**EXERCISE OBJECTIVE**
Begin at the line that holds "(1) ابن عابدين" and retype every line through the end of the material, both included. Leave out the pictures.

**DATA EXCERPTS**

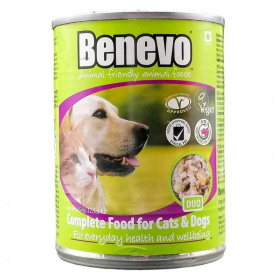 A Benevo Duo egy ízletes és könnyen emészthető, kisállat dietetikai szakértők által kidolgozott vegán eledel, mely mentes az állati eredetű összetevőktől, mesterséges ízfokozóktól vagy színezékektől. Nem tartalmaz húst, halat, szóját, búzát és tejtermékeket, melyek a leggyakoribb allergének. Vegán taurint tartalmaz, ami előnyös a kutyáknak, és nélkülözhetetlen a macskák számára. Összetétel: édesburgonya, a feldolgozáshoz szükséges mennyiségű víz, répa, zabdara, növényi olaj, barna rizs, borsó, paradicsom, kék áfonya, vörös áfonya, sörélesztő, szárított tengeri moszat, természetes aromák. Adalékok: Vitaminok: E, B3, C, B1, B5, A, folsav (B9), B2, B7, B6, B12, D3, ásványi anyagok (cink-szulfát, vas-szulfát, cink-proteinát, réz-szulfát, mangán-szulfát, réz-proteinát, nátrium-szelenit, mangán-proteinát, kálium-jodid), Provitaminok: taurin: 1250 mg/kg. Analitikai összetétel: nyersfehérje: 7%, nyersolajok és -zsírok: 2%, nyersrost: 3%, nyershamu: 2%, nedvesség: 76%.
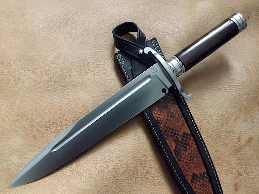 The fullered blade for this spear point Bowie is made from W-1 high carbon tool steel, with a blade length of 255mm, a blade thickness of 5mm on the spine with a 130mm false unsharpened clip on the top edge. The overall length of the knife comes in at 380mm, with a hand guard, grooved bolster and grooved end cap made from 316 stainless steel. There are three coined nickel silver spacers and the handle is made from a beautiful piece of… View More
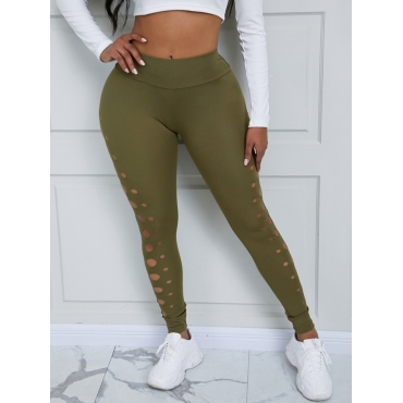 Lovely Sportswear Mid Waist Ripped Green Pants
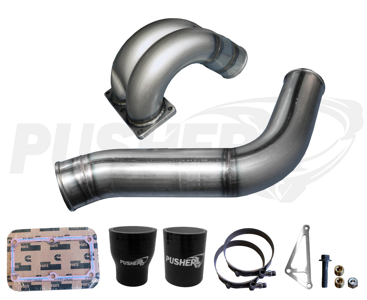 In addition to the intake manifold and intercooler tube, our system includes factory Cummins gaskets and hardware, heavy-duty 5-ply silicone couplers, stainless T-bolt clamps, port plugs, a stainless dipstick mount, and detailed, full-color instructions with photos—everything needed for a smooth and seamless installation.
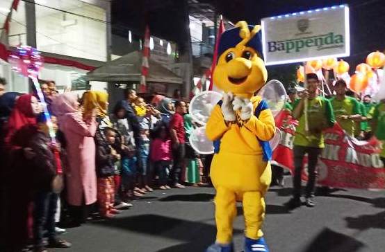 Ditengah iring-iringan peserta pawai, Maskot Pajak yang ditampilkan oleh rombongan Bappenda memiliki warna lebah kuning nampak paling menarik dan menyita perhatian masyarakat yang menyaksikannya.
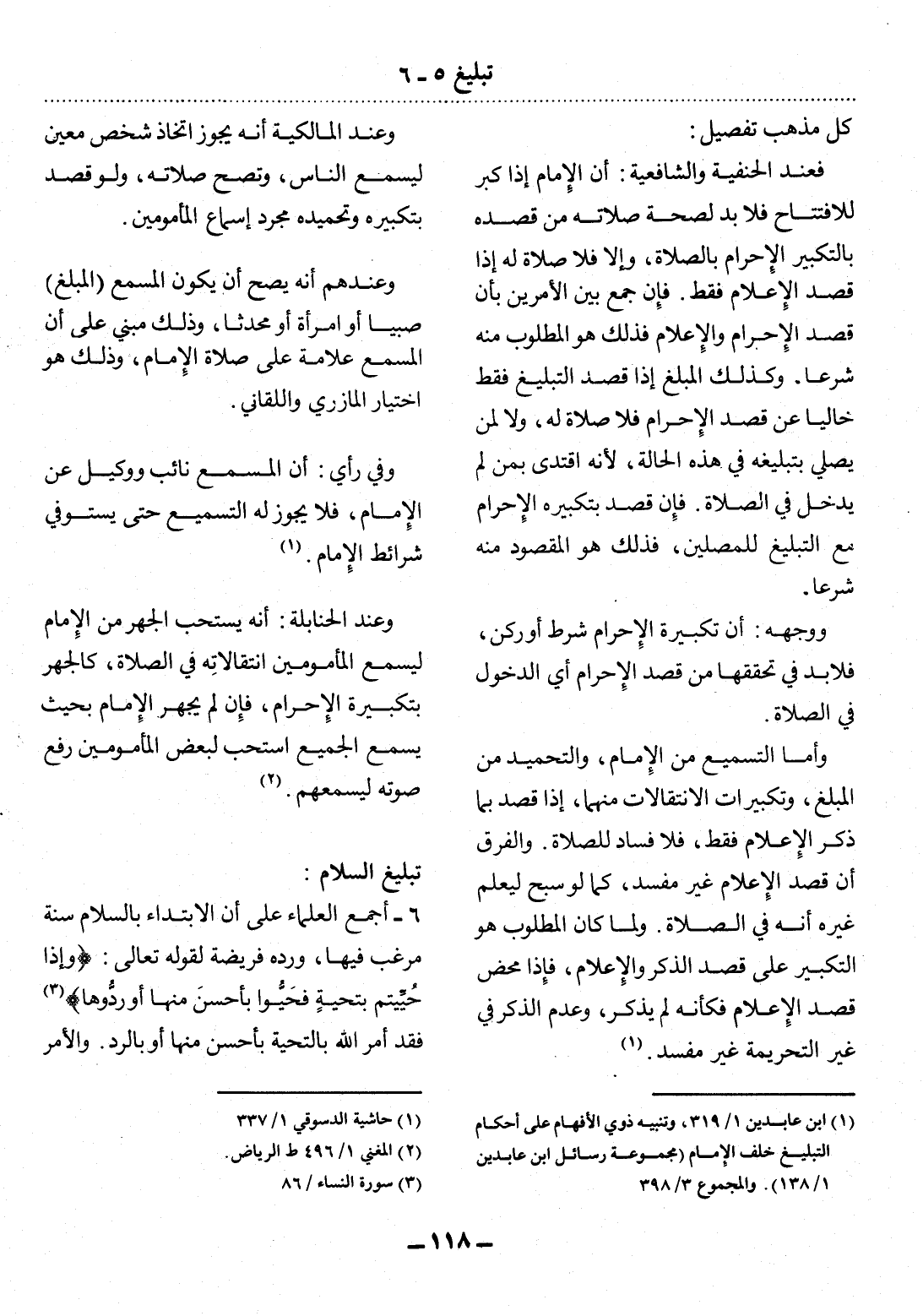 (1) ابن عابدين 1 / 319، وتنبيه ذوي الأفهام على أحكام التبليغ خلف الإمام (مجموعة رسائل ابن عابدين 1 / 138) . والمجموع 3 / 398.
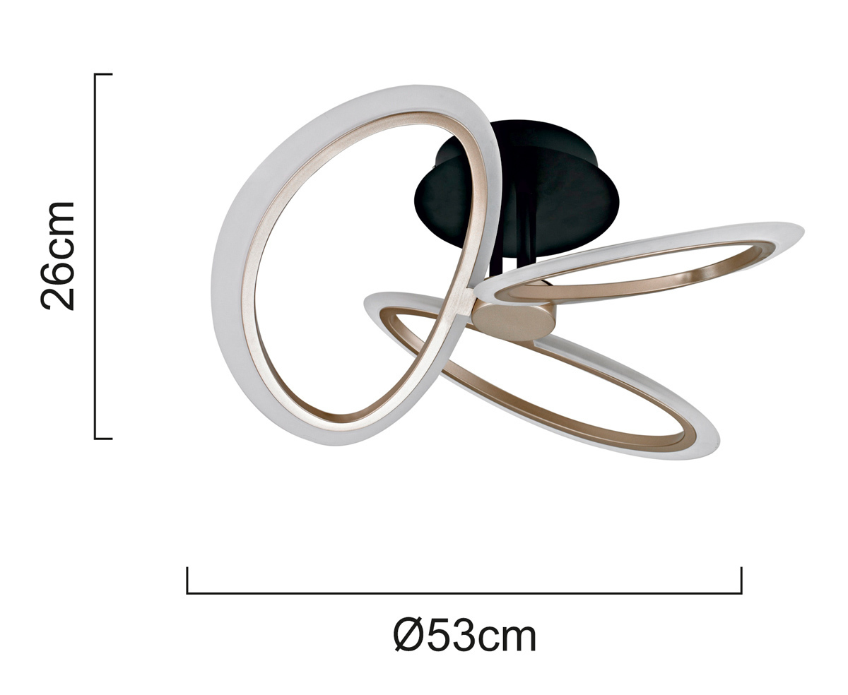 POWERTECH LED φωτιστικό οροφής HLL-0206, 40W, 4000K, Φ53x26cm, οπάλ χρυσό/μαύρο

**RESULT OF THIS TASK**
 (1) ابن عابدين 1 / 319، وتنبيه ذوي الأفهام على أحكام التبليغ خلف الإمام (مجموعة رسائل ابن عابدين 1 / 138) . والمجموع 3 / 398.
 POWERTECH LED φωτιστικό οροφής HLL-0206, 40W, 4000K, Φ53x26cm, οπάλ χρυσό/μαύρο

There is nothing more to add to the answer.